Limitations of the study
The custom-designed mass cytometry panel used here may be better at detecting cellular changes resulting from VXA-A1.1 than IIV, and although we report data from the largest influenza virus challenge study on record, the ability of these correlates to extend to community-acquired infections with greater diversity in demographics, levels of pre-existing immunity, and virus strain will require examination of significantly larger cohorts. We profile samples from a study where vaccination provided significant protection from virus shedding, but not from influenza positive illness, an outcome incorporating virus both shedding and symptom reports (Liebowitz et al., 2020). Future studies are needed to determine whether or not the cellular correlates of protection from virus shedding identified here may extend to correlates significant protection from symptomatic shedding.
STAR Methods
Resource Availability
Lead Contact
Further information and requests for resources and reagents should be directed to David McIlwain (mcilwain@stanford.edu).
Materials Availability
This study did not generate new unique reagents.
Data and Code Availability
Data reported in this paper will be shared by the lead contact upon reasonable request
This paper does not report original code
Any additional information required to reanalyze the data reported in this paper is available from the lead contact upon reasonable request.
Experimental Model and Subject Details
Human subjects and clinical trial
The aim of this study was to investigate cellular correlates of protection from a previously reported double-blinded, placebo-controlled and active-controlled phase 2 clinical trial that evaluated the safety and efficacy of an oral tablet H1N1 HA-Adenoviral-vector based seasonal influenza vaccine with a dsRNA adjuvant (VXA-A1.1) compared to a licensed quadrivalent inactivated influenza vaccine (IIV, Fluzone 2015–2016 year formulation) administered via intramuscular injection (Liebowitz et al., 2020). Also see details provided at ClinicalTrials.gov, identifier NCT02918006. Briefly, a total of 179 healthy adult volunteers provided informed consent and were enrolled at WCCT Global’s challenge facility in Costa Mesa, CA and randomized to receive one of three treatment arms: 1) a single dose of an IM IIV vaccine and an oral placebo, 2) a single dose of VXA-A1.1 and a placebo IM injection, or 3) a placebo IM injection and an oral placebo. At 90 (or up to 120 days) days post-vaccination, subjects were challenged with influenza virus. Following influenza challenge, subjects remained in an isolation unit for 6 to 9 days, where they were monitored for influenza signs and symptoms. Vital signs were measured and collected every four hours during waking hours, and symptomatic responses were assessed using the influenza patient-reported outcome questionnaire (Flu-PRO). Nasopharyngeal swabs were collected twice daily post-challenge and were evaluated for viral shedding by qRT-PCR at the University of Cincinnati Children’s Hospital, Cincinnati, OH, USA. The same endpoint definition from Liebowitz et al. for ‘laboratory documented infection’ was used to define viral shedders in this study (Liebowitz et al., 2020). ‘Virus shedders’ were defined as participants with laboratory-documented infection with two or more positive results for influenza shedding by qRT--PCR, individuals not meeting these criteria were classified as ‘non-shedders’ (Liebowitz et al., 2020).
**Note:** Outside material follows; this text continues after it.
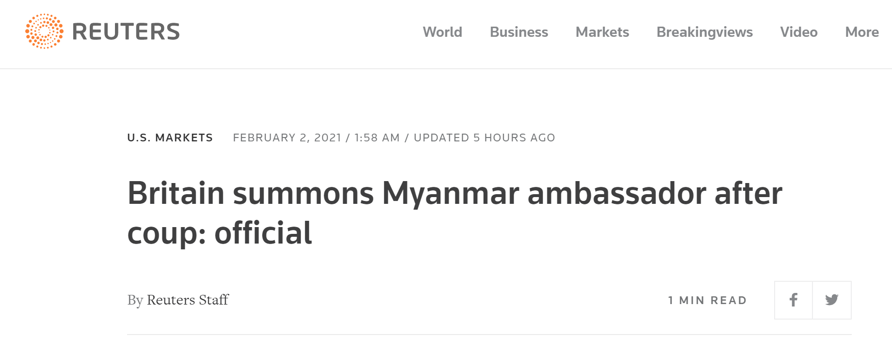 [环球网报道]路透社消息,在英国首相约翰逊发声谴责缅甸军方发动“政变”后,英国外交部一位官员透露,当地时间2月1日,英国召见了缅甸驻英大使。

Information regarding volunteer demographics, enrollment criteria, and study design have been previously reported (Liebowitz et al., 2020). Specifically, Liebowitz et al. report sex, age, and race/ethnicity of the volunteer study cohort. Enrollment was restricted to healthy volunteers who met eligibility criteria including HAI titer <1:20 (Liebowitz et al., 2020). Volunteers were not involved in previous procedures and were naïve to the therapeutics being tested upon enrollment (Liebowitz et al., 2020).
Viral challenge
Influenza virus challenge was conducted using a matched wild-type strain of A/California/2009 influenza that has 99.4% and 99.6% hemagglutinin cDNA identity to A/California/04/2009 (H1N1) and A/California/07/2009 (H1N1), respectively (Watson et al., 2015). Note: VXA-A1.1 contains a hemagglutinin sequence for A/California/04/2009 (H1N1) (Liebowitz et al., 2015) and the IIV used contained A/California/07/2009 (H1N1) (Liebowitz et al., 2020).
Method Details
Mass cytometry
Blood samples collected at day 1 (immediately prior to vaccination) and day 8 (7 days post-vaccination) by routine phlebotomy from volunteers who completed both the vaccination and influenza virus challenge phases of the study were used for mass cytometry (n=58 VXA-A1.1, n=54 IIV, and n=31 placebo; total n=143 volunteers, Table 1). Of the 143 individuals, one individual withdrew from the study following virus challenge (Liebowitz et al., 2020) and samples from a single volunteer (C117) were collected but excluded from analysis due to high baseline plasmablast levels unrelated to vaccine treatment, resulting in a total of 141 individuals analyzed by mass cytometry.
For initial processing, 750uL of heparinized blood was mixed with 1050uL of Smart Tube Proteomic Stabilizer (Smart Tube Inc., cat #PROT1), incubated for 11 minutes at room temperature, then flash-frozen on dry ice and stored at −80°C. Frozen samples were shipped on dry ice for subsequent analysis.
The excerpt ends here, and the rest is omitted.